Early Administration of IL-6RA Does Not Prevent Radiation-induced Lung Injury in Mice

Overview

Journal Radiat Oncol

Publisher Biomed Central

Specialties Oncology
Radiology

Date 2010 Apr 9

PMID 20374625

Citations 7

Authors

Toshiyuki Ogata

Hideya Yamazaki

Teruki Teshima

Ayaka Kihara

Yuko Suzumoto

Takehiro Inoue

Norihiro Nishimoto

Nariaki Matsuura

Affiliations

Soon will be listed here.

Abstract

Background: Radiation pneumonia and subsequent radiation lung fibrosis are major dose-limiting complications for patients undergoing thoracic radiotherapy. Interleukin-6 (IL-6) is a pleiotropic cytokine and plays important roles in the regulation of immune response and inflammation. The purpose of this study was to investigate whether anti-IL-6 monoclonal receptor antibody (IL-6RA) could ameliorate radiation-induced lung injury in mice.

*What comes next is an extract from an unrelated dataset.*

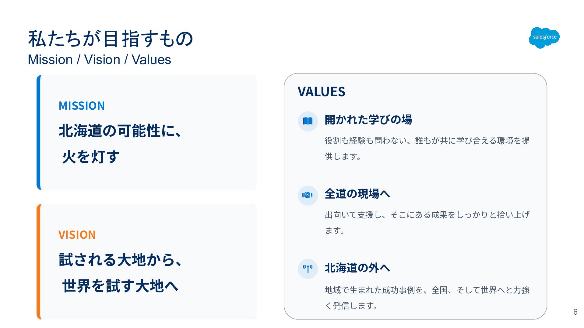 試される⼤地から、 世界を試す⼤地へ VALUES 役割も経験も問わない、誰もが共に学び合える環境を提 供します。 出向いて⽀援し、そこにある成果をしっかりと拾い上げ ます。 開かれた学びの場 全道の現場へ 北海道の外へ 地域で⽣まれた成功事例を、全国、そして世界へと⼒強 く発信します。 6
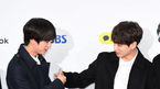 [OSEN=지형준 기자] 가수 방탄소년단 정국, RM이 25일 오후 서울 고척스카이돔에서 열린 '2018 SBS 가요대전'에 참석해 레드카펫 행사를 갖고 있다. /jpnews@osen.co.kr

Methods: BALB/cAnNCrj mice having received thoracic irradiation of 21 Gy were injected intraperitoneally with IL-6RA (MR16-1) or control rat IgG twice, immediately and seven days after irradiation. Enzyme-linked immunosorbent assay was used to examine the plasma level of IL-6 and serum amyloid A (SAA). Lung injury was assessed by histological staining with haematoxylin and eosin or Azan, measuring lung weight, and hydroxyproline.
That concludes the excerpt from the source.